* **WHAT IS BEING ASKED**
Look below for the line that contains "九华山的千年古寺旁,齐云山的", and write out exactly that line and all remaining lines of the listing, omitting pictures.

* **INFORMATION SHOWN**
== Segment start ==

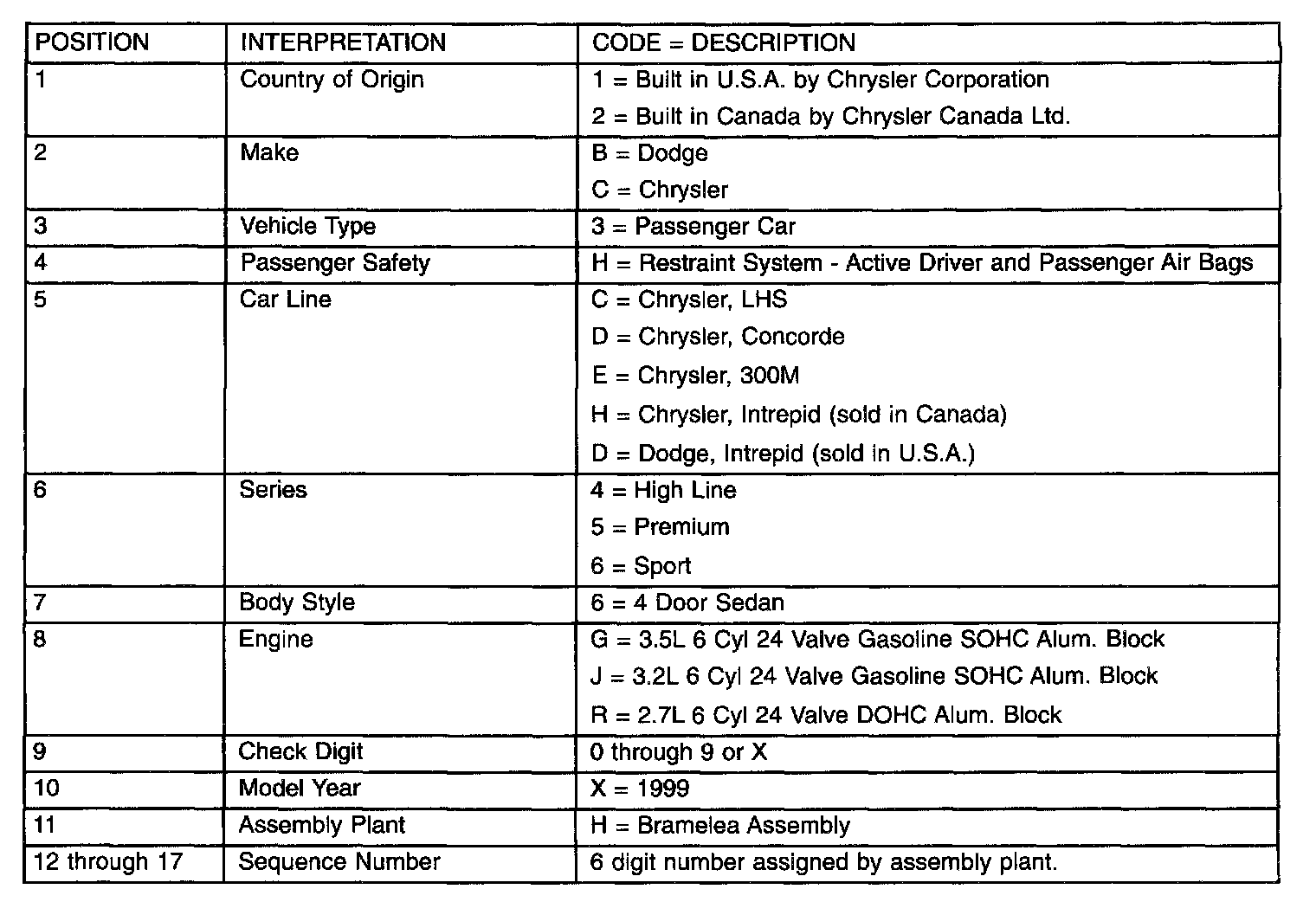 The Vehicle Identification Number (VIN) is located on the upper left corner of the instrument panel, near the left windshield pillar. The VIN consists of 17 characters in a combination of letters and numbers that provide specific information about the vehicle, Refer to VIN Code Breakdown table for decoding information.
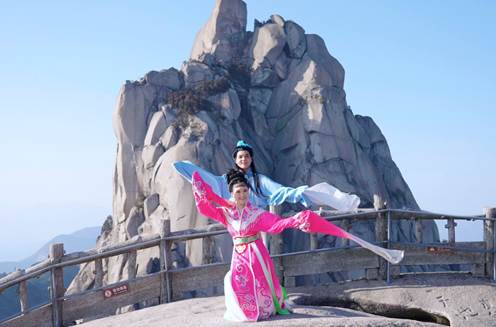 九华山的千年古寺旁,齐云山的奇峰怪岩下,天柱山的奇石云海间……专业团队将舞台巧妙嵌入自然景观,让《谁料皇榜中状元》的高亢唱腔回荡在海拔千米的云端。国家一级演员韩再芬、何云等梅花奖得主领衔主演,更有徽剧、傩戏等非遗艺术惊喜加盟,让经典唱段在云海缭绕中演绎“人在画中游”的奇幻意境。
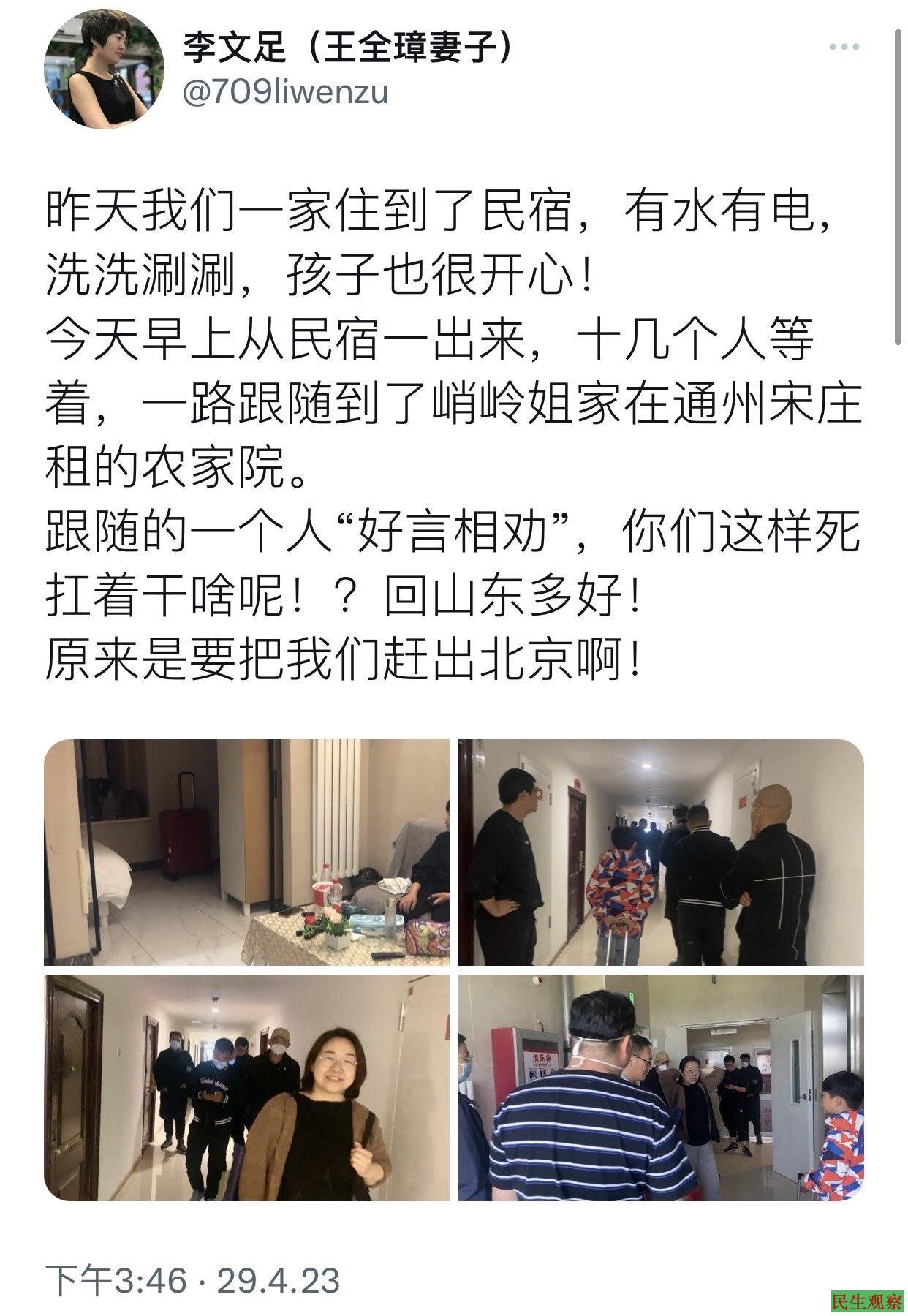 4月28日,王全璋一家住到了民宿,有水有电,洗洗涮涮,孩子也很开心!29日早上,一家人从民宿一出来,门口十几个人等着,一路跟随到了王峭岭在通州宋庄租的农家院里。跟随的一个人“好言相劝”:你们这样死扛着干啥呢!回山东多好!李文足表示,原来是要把他们一家赶出北京啊!

== Segment end ==

* **REPLY**
 九华山的千年古寺旁,齐云山的奇峰怪岩下,天柱山的奇石云海间……专业团队将舞台巧妙嵌入自然景观,让《谁料皇榜中状元》的高亢唱腔回荡在海拔千米的云端。国家一级演员韩再芬、何云等梅花奖得主领衔主演,更有徽剧、傩戏等非遗艺术惊喜加盟,让经典唱段在云海缭绕中演绎“人在画中游”的奇幻意境。
 4月28日,王全璋一家住到了民宿,有水有电,洗洗涮涮,孩子也很开心!29日早上,一家人从民宿一出来,门口十几个人等着,一路跟随到了王峭岭在通州宋庄租的农家院里。跟随的一个人“好言相劝”:你们这样死扛着干啥呢!回山东多好!李文足表示,原来是要把他们一家赶出北京啊!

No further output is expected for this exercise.